An advance in the area of intracellular delivery was the discovery that a positively charged synthetic cationic lipid, N-[1-(2,3-dioleyloxy)propyl]-N,N,N-trimethylammonium chloride (DOTMA), in the form of liposomes, or small vesicles, could interact spontaneously with DNA to form lipid-DNA complexes which are capable of adsorbing to cell membranes and being taken up by the cells either by fusion or more probably by adsorptive endocytosis, resulting in expression of the transgene [Felgner, P. L. et al. Proc. Natl. Acad. Sci., USA 84:7413-7417 (1987) and U.S. Pat. No. 4,897,355 to Eppstein, D. et al.]. Others have successfully used a DOTMA analogue, 1,2-bis(oleoyloxy)-3-(trimethylammonio)propane (DOTAP) in combination with a phospholipid to form DNA-complexing vesicles. The Lipofectin™ reagent (Bethesda Research Laboratories, Gaithersburg, Md.), an effective agent for the delivery of highly anionic polynucleotides into living tissue culture cells, comprises positively charged liposomes composed of positively charged lipid DOTMA and a neutral lipid dioleyl phosphatidyl ethanol amine (DOPE) referred to as helper lipids. these liposomes interactspontaneously with negatively charged nucleic acids to form complexes, referred to as lipoplexes. When excess of positively charged liposomes over DNA negative charges are used, the net charge on the resulting complexes is also positive. Positively charged complexes prepared in this way spontaneously attach to negatively charged cell surfaces or introduced into the cells either by adsorptive endocytosis or fuse with the plasma membrane, both processes deliver functional polynucleotide into, for example, tissue culture cells. DOTMA and DOTAP are good examples for monocationic lipids. [Illis et al. 2001, ibid.]

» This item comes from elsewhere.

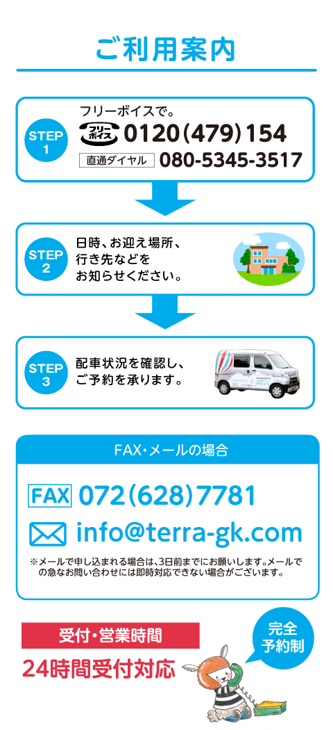 介護福祉タクシー ききゅうの活動地域は大阪府高槻市、茨木市、吹田市、摂津市、箕面市、三島郡島本町が中心ですが、その他地域も対応可能です。

Multivalent cations by themselves (including polyamines, inorganic salts and complexes and dehydrating solvents) have also been shown to facilitate delivery of macromolecules into cells. In particular, multivalent cations provoke the collapse of oligo and polyanions (nucleic acids molecules, amino acid molecules and the like) to compact structural forms, and facilitate the packaging of these polyanions into viruses, their incorporation into liposomes, transfer into cells etc. [Thomas T. J. et al. Biochemistry 38:3821-3830 (1999)]. The smallest natural polycations able to compact DNA are the polyamines spermidine and spermine. By attaching a hydrophobic anchor to these molecules via a linker, a new class of transfection vectors, the polycationic lipopolymers, has been developed.
Cationic lipids and cationic polymers interact electrostatically with the anionic groups of DNA (or of any other polyanionic macromolecule) forming DNA-lipid complexes (lipoplexes) or DNA-polycation complexes (polyplexes). The formation of the complex is associated with the release of counterions of the lipids or polymer, which is the thermodynamic driving force for lipoplex and polyplex spontaneous formation. The cationic lipids can be divided into four classes: (i) quaternary ammonium salt lipids (e.g. DOTMA (Lipofectin™) and DOTAP) and phosphonium/arsonium congeners; (ii) lipopolyamines; (iii) cationic lipids bearing both quaternary ammonium and polyamine moieties and (iv) amidinium, guanidinium and heterocyclic salt lipids.